▶ WHAT YOU SHOULD DO:
Please transcribe the lines below exactly, and leave every image behind.

▶ COLLECTED DATA:
= Beginning of Section =
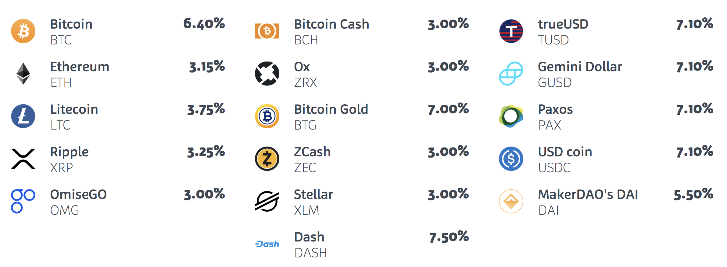 The interesting thing here is that your wallet with this platform earns your cryptocurrency annual interest of upto 7.10%. You can find the list below.
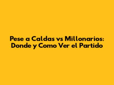 Pese A Caldas Vs Millonarios: Donde Y Como Ver El Partido
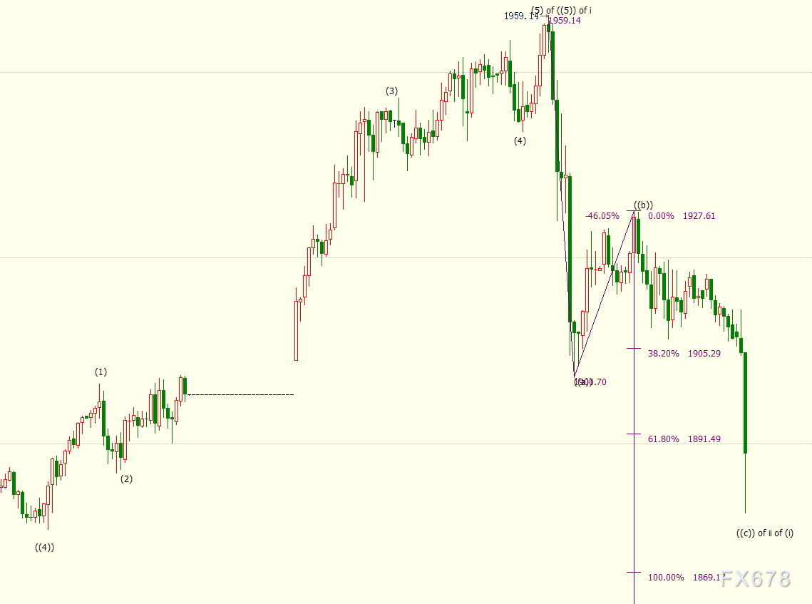小时图上看,金价处于自1927美元开启的((c))浪,下方支撑看向123.6%目标位1855美元。((c))浪是自1959美元开启的下行ii浪的子浪。ii浪是自1764美元开启的上行(i)浪的子浪。
= End of Section =
▶ TASK ANSWER:
 The interesting thing here is that your wallet with this platform earns your cryptocurrency annual interest of upto 7.10%. You can find the list below.
 Pese A Caldas Vs Millonarios: Donde Y Como Ver El Partido
小时图上看,金价处于自1927美元开启的((c))浪,下方支撑看向123.6%目标位1855美元。((c))浪是自1959美元开启的下行ii浪的子浪。ii浪是自1764美元开启的上行(i)浪的子浪。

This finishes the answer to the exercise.